Collected data
+++
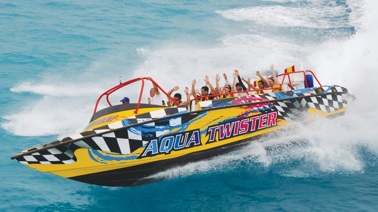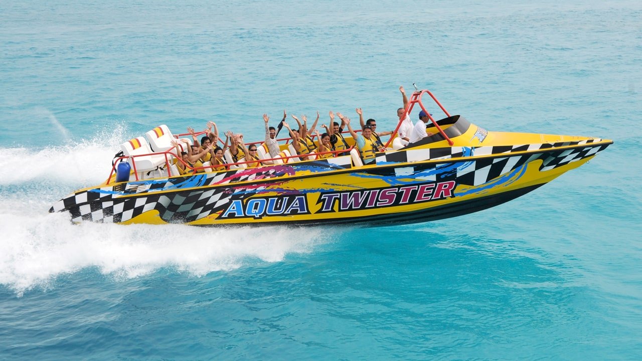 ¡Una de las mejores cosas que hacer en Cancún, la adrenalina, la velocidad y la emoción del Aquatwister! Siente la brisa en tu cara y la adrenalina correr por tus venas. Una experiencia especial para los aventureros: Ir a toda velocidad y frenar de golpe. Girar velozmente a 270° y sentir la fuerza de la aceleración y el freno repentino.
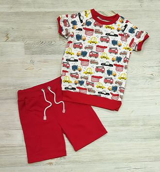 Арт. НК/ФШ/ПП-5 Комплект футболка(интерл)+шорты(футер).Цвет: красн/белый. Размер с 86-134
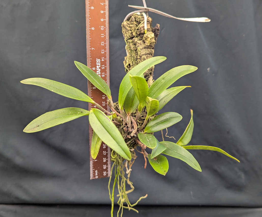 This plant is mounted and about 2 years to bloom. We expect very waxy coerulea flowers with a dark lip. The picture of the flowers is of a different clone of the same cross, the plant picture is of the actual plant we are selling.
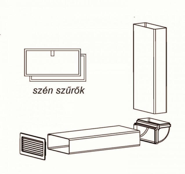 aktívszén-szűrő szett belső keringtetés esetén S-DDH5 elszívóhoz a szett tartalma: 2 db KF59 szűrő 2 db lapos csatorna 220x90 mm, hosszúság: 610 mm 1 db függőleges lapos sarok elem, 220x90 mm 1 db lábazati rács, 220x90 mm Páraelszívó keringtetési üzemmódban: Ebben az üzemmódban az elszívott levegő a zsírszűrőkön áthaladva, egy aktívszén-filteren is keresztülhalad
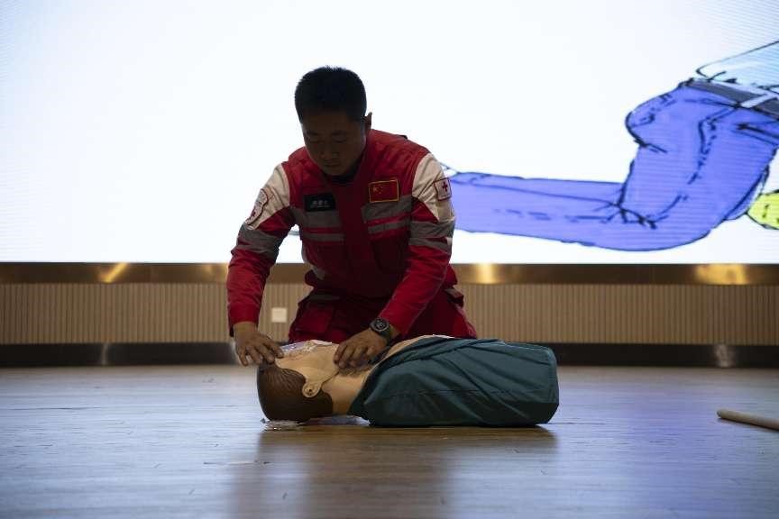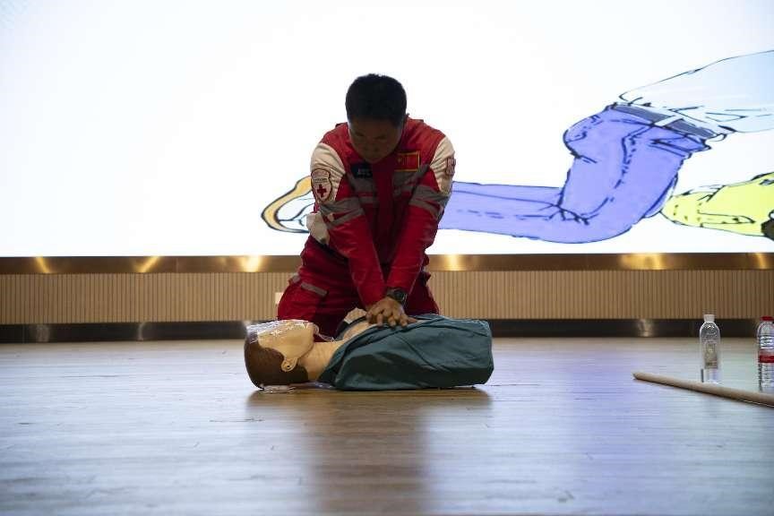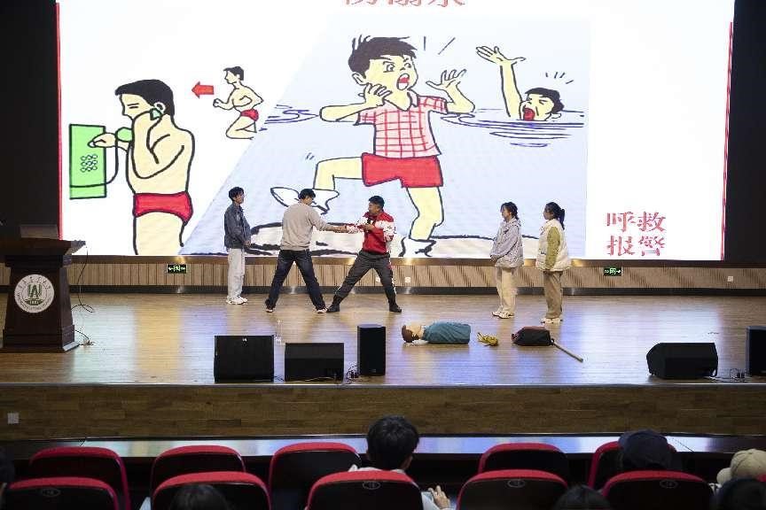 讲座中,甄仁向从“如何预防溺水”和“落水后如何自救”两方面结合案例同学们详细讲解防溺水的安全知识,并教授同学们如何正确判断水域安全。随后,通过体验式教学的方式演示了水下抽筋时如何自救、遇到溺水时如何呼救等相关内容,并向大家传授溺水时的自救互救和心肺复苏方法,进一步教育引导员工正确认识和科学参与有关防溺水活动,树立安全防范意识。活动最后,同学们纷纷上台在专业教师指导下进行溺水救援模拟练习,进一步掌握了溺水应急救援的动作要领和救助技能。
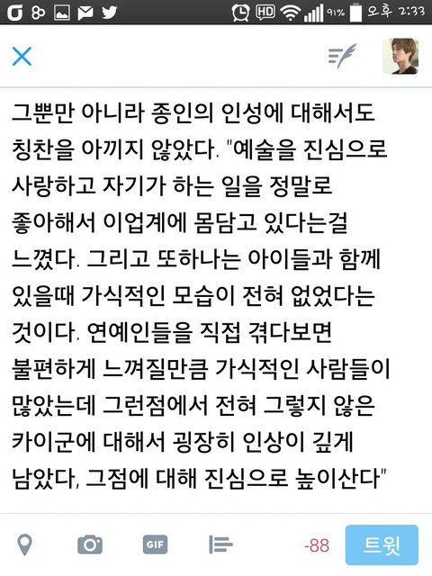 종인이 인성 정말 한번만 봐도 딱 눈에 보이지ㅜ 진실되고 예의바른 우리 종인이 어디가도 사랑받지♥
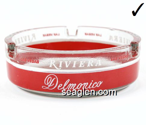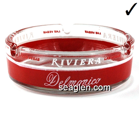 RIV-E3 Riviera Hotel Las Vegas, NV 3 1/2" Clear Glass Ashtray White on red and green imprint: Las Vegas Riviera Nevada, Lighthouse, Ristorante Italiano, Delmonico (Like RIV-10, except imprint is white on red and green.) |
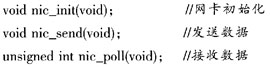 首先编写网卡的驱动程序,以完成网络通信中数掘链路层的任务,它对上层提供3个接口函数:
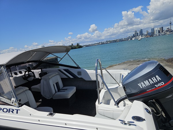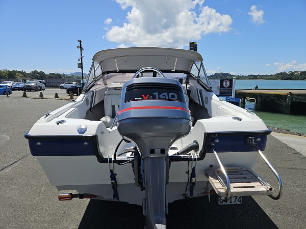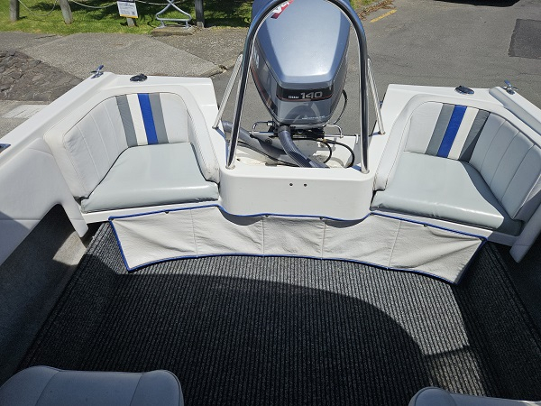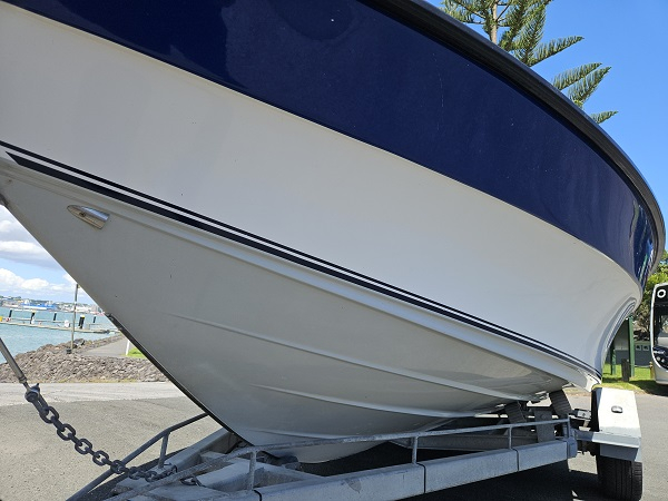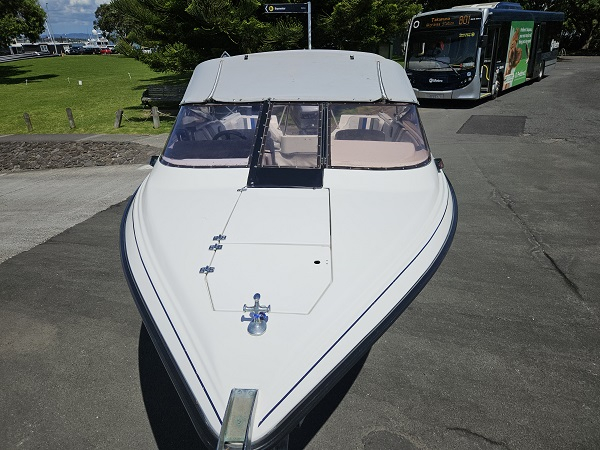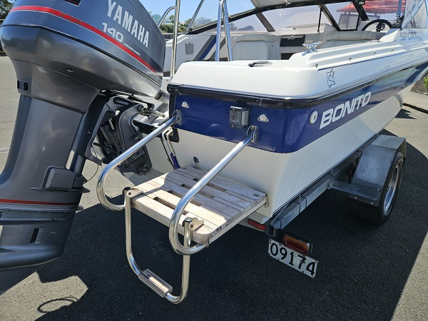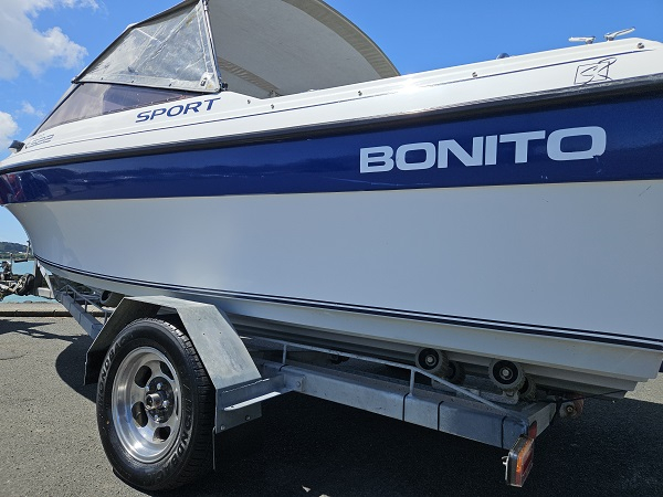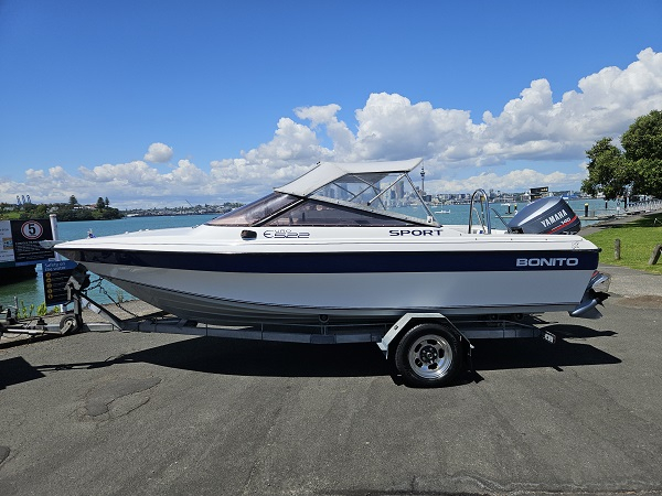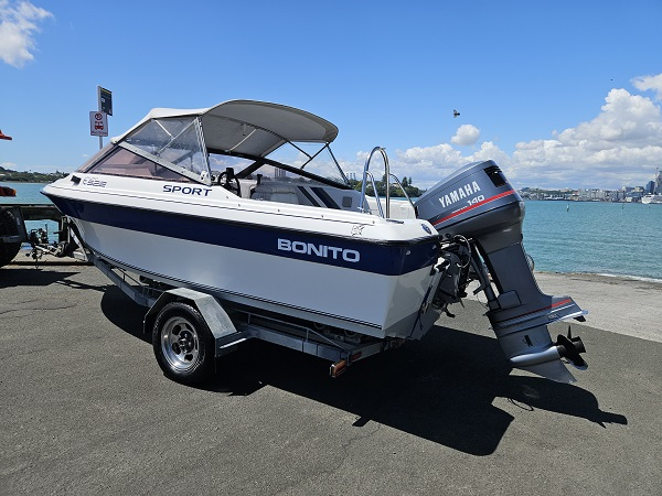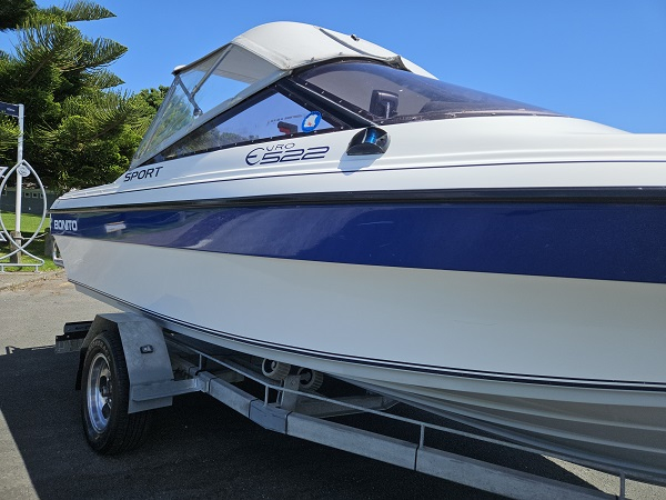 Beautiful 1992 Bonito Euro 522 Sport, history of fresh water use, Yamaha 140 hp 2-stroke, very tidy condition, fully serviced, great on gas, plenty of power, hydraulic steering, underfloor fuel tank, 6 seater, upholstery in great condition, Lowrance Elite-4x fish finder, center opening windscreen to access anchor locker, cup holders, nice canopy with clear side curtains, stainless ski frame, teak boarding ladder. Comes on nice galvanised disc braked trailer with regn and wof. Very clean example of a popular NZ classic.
+++
Work to be completed
Take the lines above starting at the one containing "Арт. НК/ФШ/ПП-5 Комплект" and ending at the one containing "This plant is", and print them again exactly, without pictures.

Solved exercise
 Арт. НК/ФШ/ПП-5 Комплект футболка(интерл)+шорты(футер).Цвет: красн/белый. Размер с 86-134
 This plant is mounted and about 2 years to bloom. We expect very waxy coerulea flowers with a dark lip. The picture of the flowers is of a different clone of the same cross, the plant picture is of the actual plant we are selling.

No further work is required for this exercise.